We gained server CPU share driven by the ramp of our latest fifth-gen EPYC Turin processors and sustained demand for fourth-gen EPYC. Hyperscaler demand remained strong as cloud providers expanded EPYC deployments to power their critical infrastructure and public services. More than 30 new instances launched from Alibaba, AWS, Google, Oracle, Tencent, and others in the quarter, including the initial wave of fifth-gen EPYC Turin instances. In addition, AWS launched new FPGA accelerated instances in the quarter, powered by EPYC processors with Xilinx Virtex FPGAs that are optimized for data and compute intensive workloads like genomics, multimedia processing, network security, and cloud-based video broadcasting. Every major cloud provider is deep in development on Turin programs, with a steady stream of public instances and internal deployments expected to ramp into production over the coming quarters. Enterprise adoption of EPYC instances was very strong in the quarter. The number of EPYC-powered cloud instances activated by Forbes 2000 enterprise customers more than doubled year-over-year, including new wins with internet-native streaming, transportation, financial services, and social media companies. For example, CrowdStrike achieved major performance and cost improvements by broadly deploying EPYC instances across its multi-cloud infrastructure. At the same time, we're also actively partnering with leading application and cloud providers to deploy EPYC-optimized solutions tailored for specialized industry verticals.
Siemens launched their latest software-defined vehicle solution, powered by EPYC CPUs and Radeon Pro GPUs on Azure, leveraging digital twin technology to significantly speed up automotive design and validation.
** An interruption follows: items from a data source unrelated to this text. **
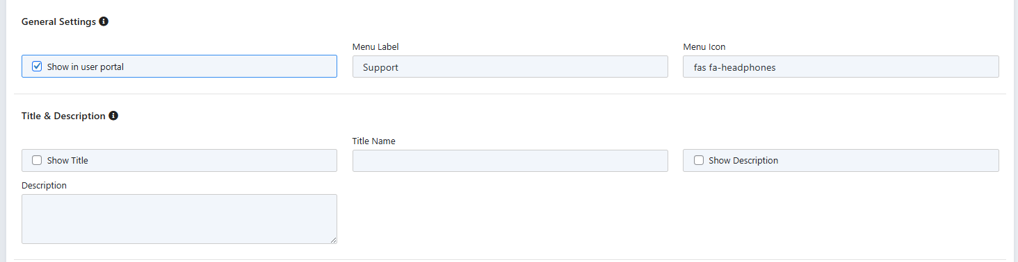 Rename the menu and give it an icon, if desired. Enter a title and description if you would like a message displayed at the top of the page: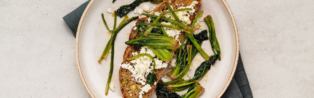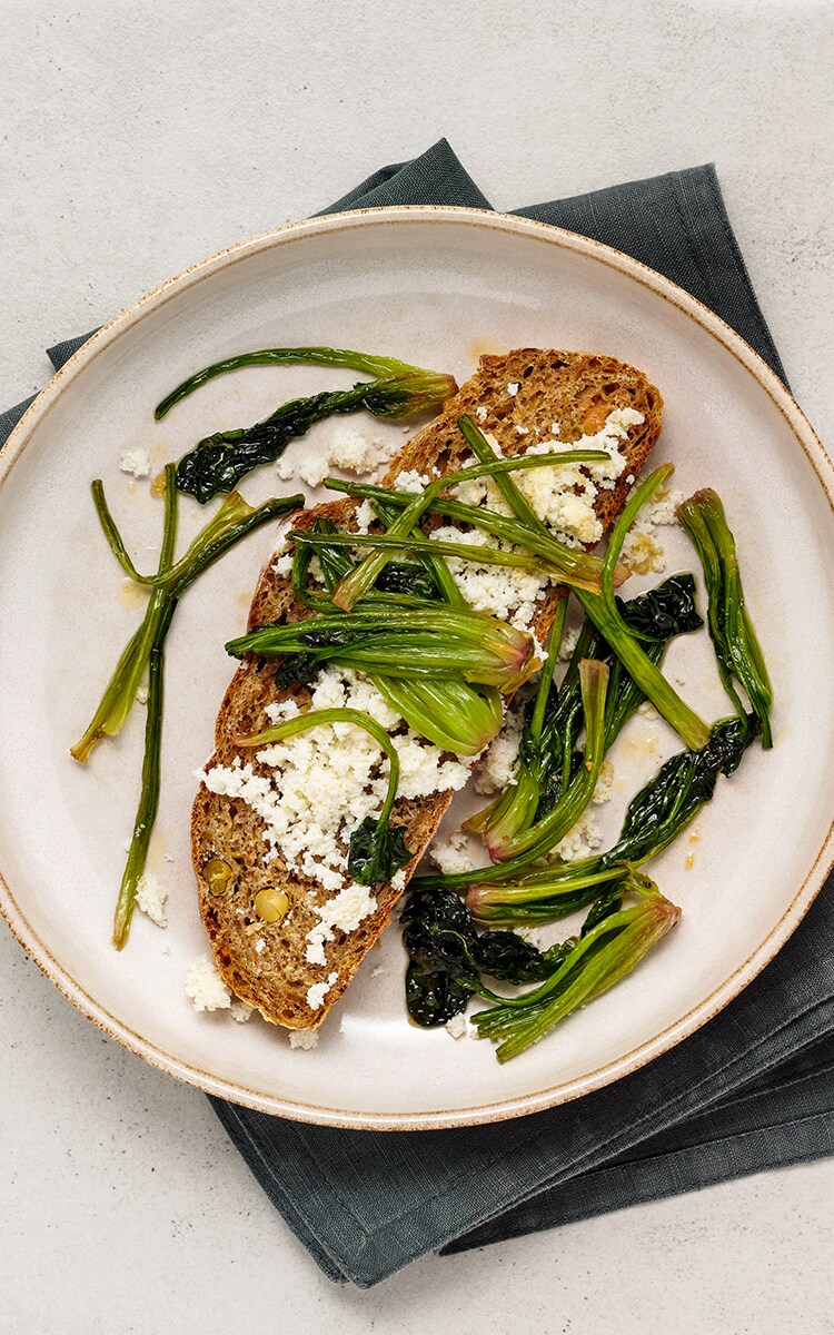 Place the caramelized spinach roots and crumbled leftover cheese on the two slices of bread.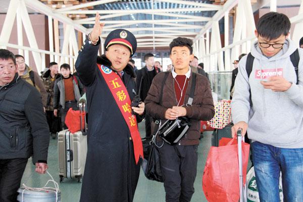 隨著春節(jié)、藏歷新年的臨近,一年一度的春運(yùn)即將拉開帷幕,為此,拉薩火車站做到節(jié)日安排早部署、早計(jì)劃、早落實(shí),用優(yōu)質(zhì)、便利、親情化的服務(wù)滿足廣大旅客的購(gòu)票需求。圖為拉薩火車站工作人員為旅客服務(wù)。記者 丹增群培 攝

Oracle launched a new version of its Exadata database platform, which is used by more than half of the Fortune Global 100. The latest Exadata X11m has been optimized for fifth-gen EPYC processors to deliver up to 25% faster performance in transaction processing and analytics compared to the prior generation.
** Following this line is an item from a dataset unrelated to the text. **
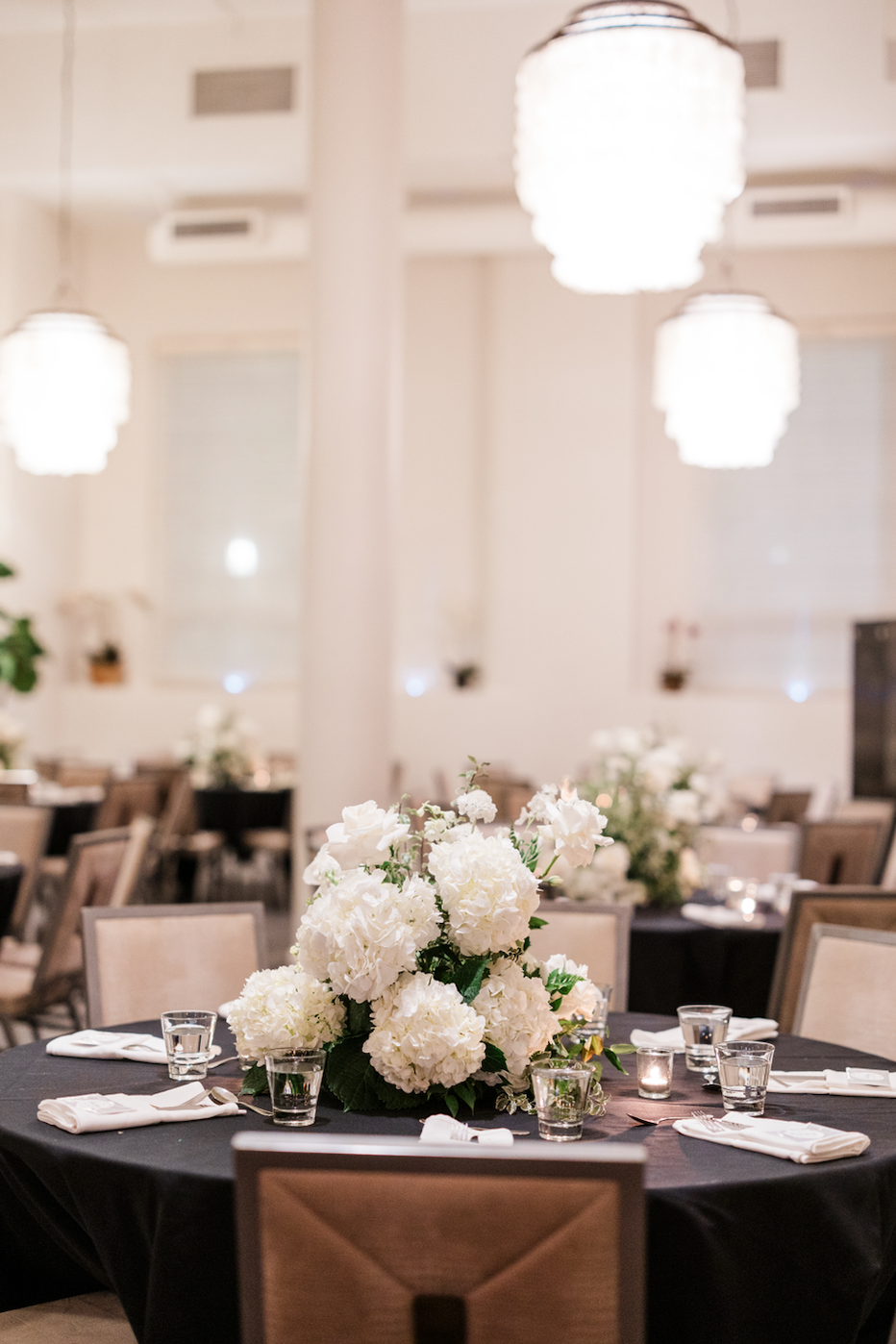 -Chandeliers with dimmers for light customization -60" Round tables -Cushioned chairs -Restrooms -Central heat & AC

Turning to enterprise on-prem adoption, EPYC CPU sales grew by a large double-digit percentage year-over-year for the seventh straight quarter, driven by new public sector wins and high-volume deployments with large automotive, semiconductor, financial services, retail, energy, and technology companies. We have built significant enterprise momentum over the last few years as our partners expanded the number of EPYC-based platforms to more than 450, and we scaled our joint go-to-market programs. As a result, EPYC is now deployed by all of the top 10 telecom, aerospace, and semiconductor companies, 9 out of the top 10 automotive, 7 out of the top 10 manufacturing, and 6 out of the top 10 energy companies on the Forbes 2000. We expect enterprise adoption to accelerate over the coming quarters as more than 150 Turin platforms become broadly available from Dell, Cisco, HPE, Lenovo, Supermicro, and others.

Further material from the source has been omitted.